◆ **Description of the task**
Transcribe all the lines below exactly. Omit the pictures.

◆ **Information shown**
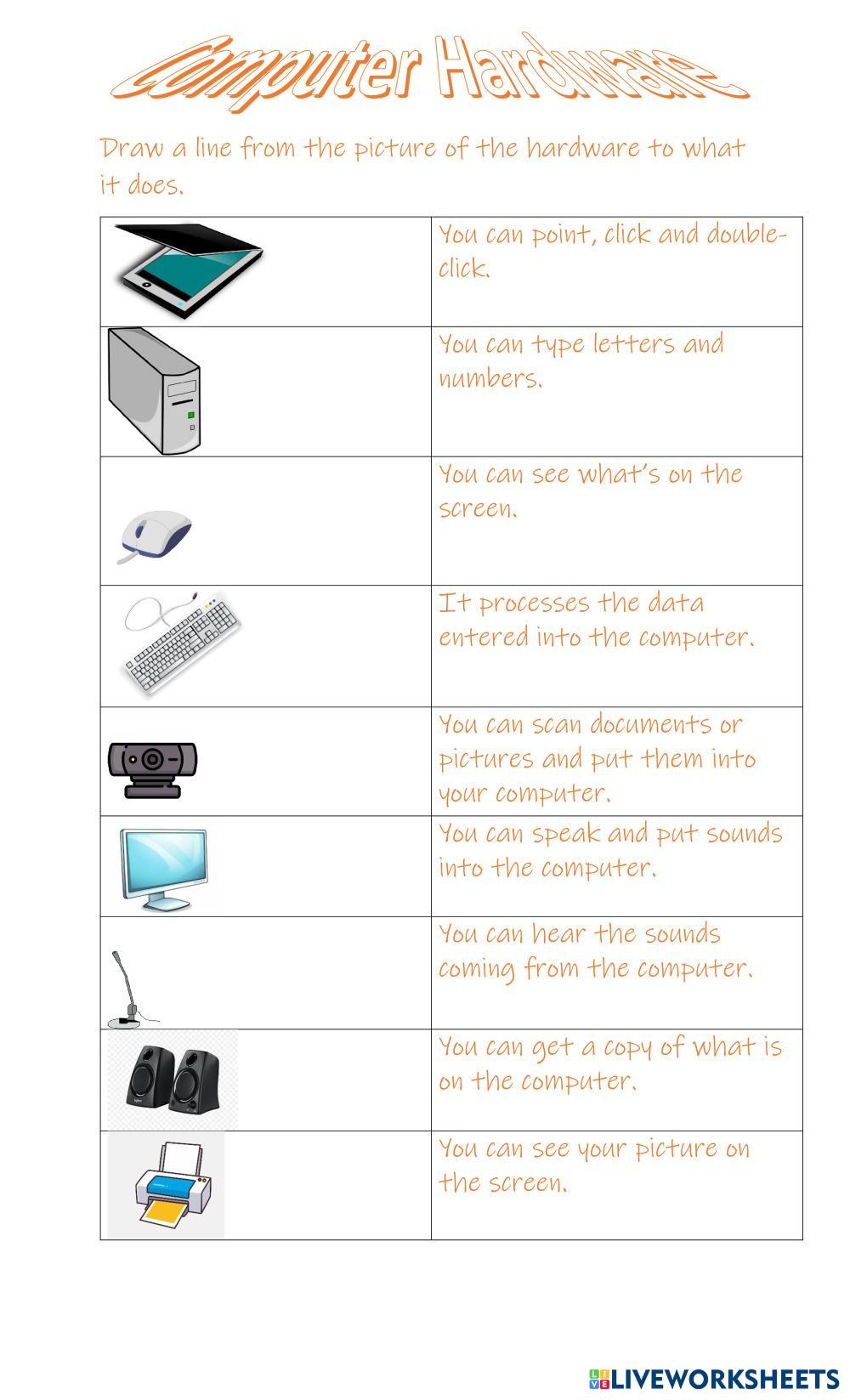 Created by MrsMaycock Computer Computer hardware Age 4-18 level: 2 English Author's Instructions My Google Classroom Courses × 0 classes selected (0 students total) Quick Access Select all classes (0 classes) All Classes Loading courses... Cancel Share Share to selected Course __COURSE_NAME__ __STUDENT_NAME__ (__STUDENT_EMAIL__) Computer Hardware Match 2 Download Worksheet Validation Check my answers Emails my answers to my teacher Full name Group/level School subject Teacher's email or key code Close Submit Validating worksheet... (12) Your answers have been sent to your teacher. Good luck! OK We encountered an error submitting your answers. Please try again. OK Advertisement | Go Ad Free Created by MrsMaycock Computer Computer hardware Age 4-18 level: 2 English Author's Instructions
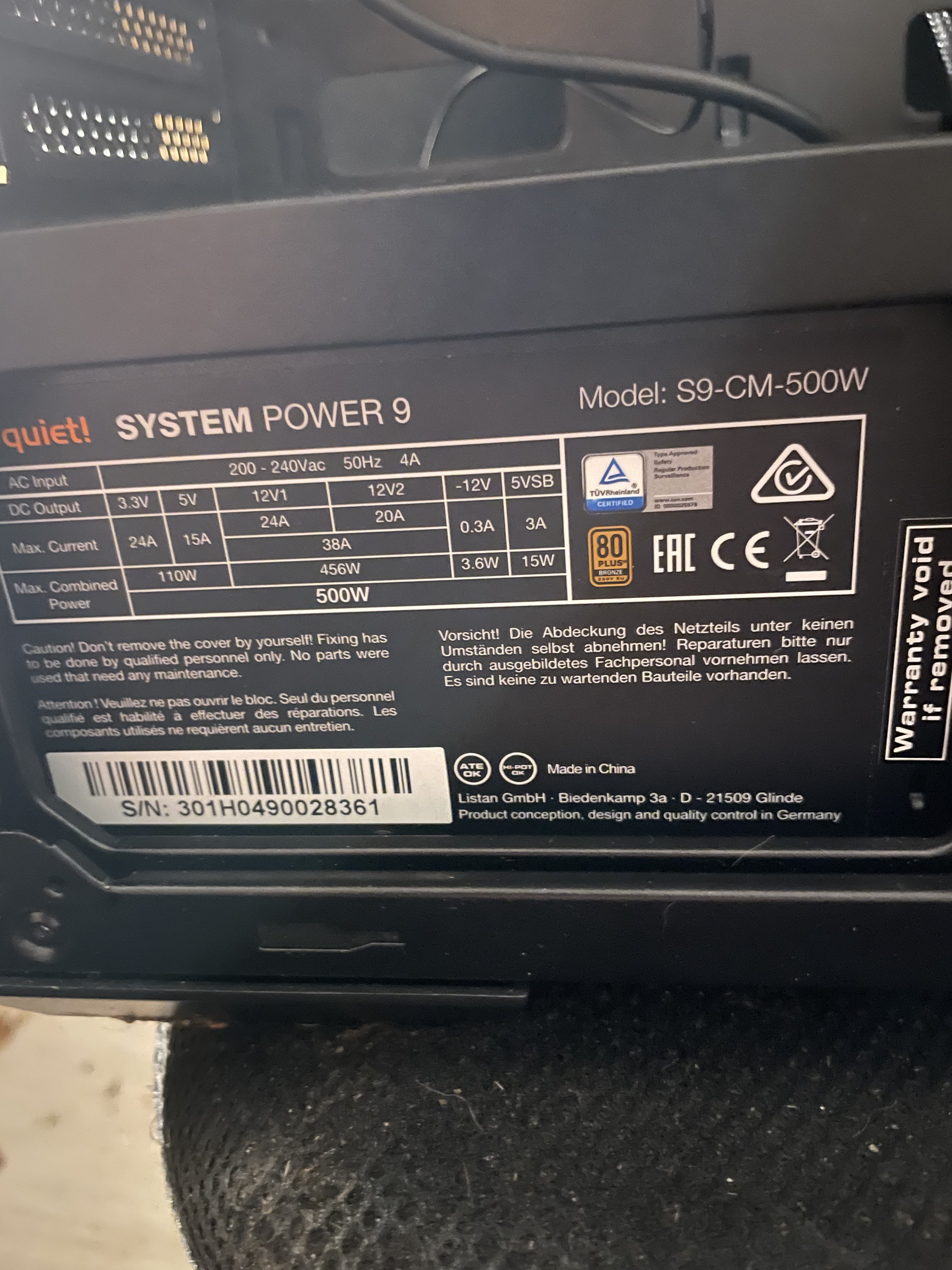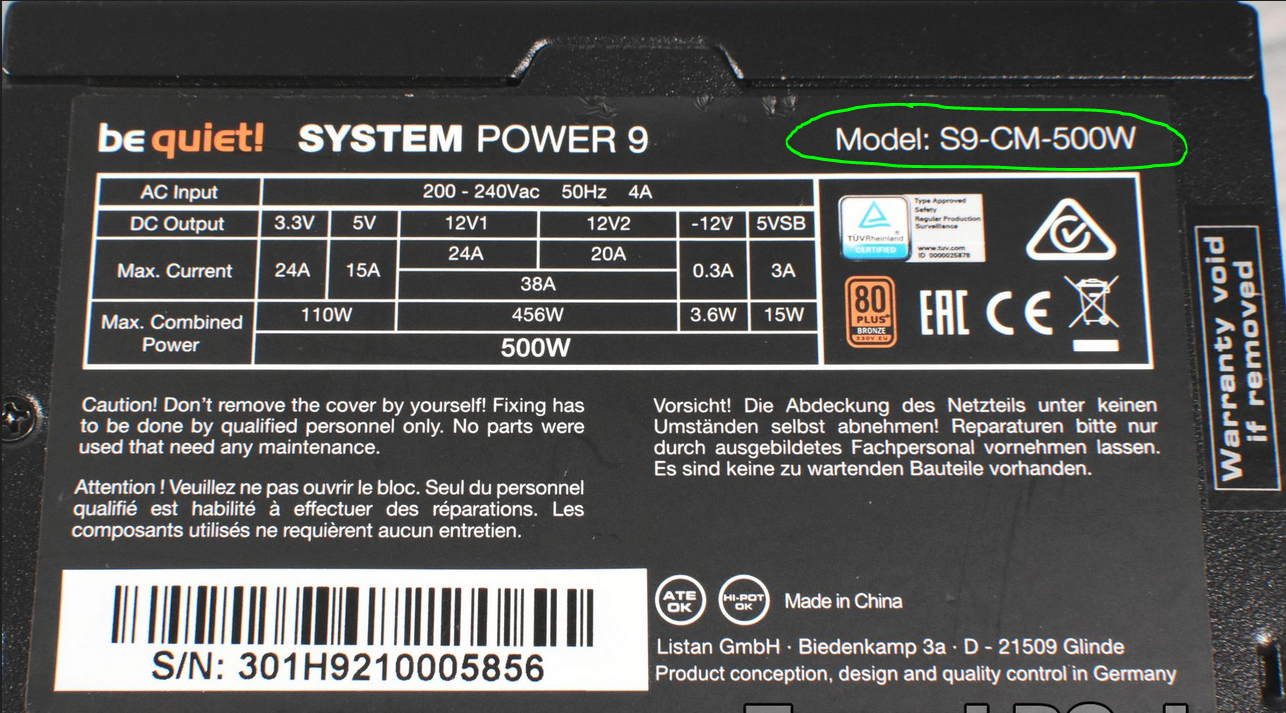 Hier noch ein Bild vom Netzteil "ohne" die fehlenden, zwei PCIe Kabel.
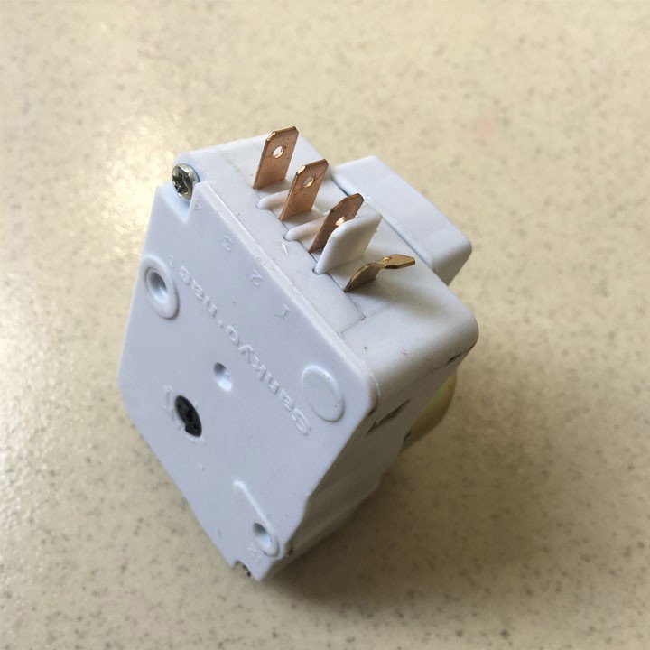 Đồng hồ tủ quầy 802B. Mua càng nhiều giá càng tốt. Tác dụng của đồng hồ thời gian trong tủ lạnh . Có chức năng ngắt điện vào máy nén và cấp điện cho hệ thống điện trở xả đá để tẩy tuyết dàn lạnh. Tùy theo cấu tạo của timer, thời gian xả đá có thể 6h, 8h, 12h, 24h . Thời gian xả đá từ từ 18 – 30 phút. Đồng hồ thời gian hay còn được gọi là rơ le thời gian nó thực sự rất quan trọng trong sự hoạt động của một chiếc tủ lạnh không bám tuyết. Cấu tạo của đồng hồ time : Gồm một động cơ điện xoay chiều một pha M có vòng ngắn mạch có điện áp làm việc như của động cơ máy nén. Trục động cơ qua một bánh răng giảm tốc truyền động cho một bánh cam có tốc độ một vòng trong 24 giờ. Tùy theo sự sắp xếp các vấu trên bánh cam ta có sự đóng ngắt tiếp điểm theo những chu kỳ thời gian nhất định.

◆ **Solution to this task**
 Created by MrsMaycock Computer Computer hardware Age 4-18 level: 2 English Author's Instructions My Google Classroom Courses × 0 classes selected (0 students total) Quick Access Select all classes (0 classes) All Classes Loading courses... Cancel Share Share to selected Course __COURSE_NAME__ __STUDENT_NAME__ (__STUDENT_EMAIL__) Computer Hardware Match 2 Download Worksheet Validation Check my answers Emails my answers to my teacher Full name Group/level School subject Teacher's email or key code Close Submit Validating worksheet... (12) Your answers have been sent to your teacher. Good luck! OK We encountered an error submitting your answers. Please try again. OK Advertisement | Go Ad Free Created by MrsMaycock Computer Computer hardware Age 4-18 level: 2 English Author's Instructions
 Hier noch ein Bild vom Netzteil "ohne" die fehlenden, zwei PCIe Kabel.
 Đồng hồ tủ quầy 802B. Mua càng nhiều giá càng tốt. Tác dụng của đồng hồ thời gian trong tủ lạnh . Có chức năng ngắt điện vào máy nén và cấp điện cho hệ thống điện trở xả đá để tẩy tuyết dàn lạnh. Tùy theo cấu tạo của timer, thời gian xả đá có thể 6h, 8h, 12h, 24h . Thời gian xả đá từ từ 18 – 30 phút. Đồng hồ thời gian hay còn được gọi là rơ le thời gian nó thực sự rất quan trọng trong sự hoạt động của một chiếc tủ lạnh không bám tuyết. Cấu tạo của đồng hồ time : Gồm một động cơ điện xoay chiều một pha M có vòng ngắn mạch có điện áp làm việc như của động cơ máy nén. Trục động cơ qua một bánh răng giảm tốc truyền động cho một bánh cam có tốc độ một vòng trong 24 giờ. Tùy theo sự sắp xếp các vấu trên bánh cam ta có sự đóng ngắt tiếp điểm theo những chu kỳ thời gian nhất định.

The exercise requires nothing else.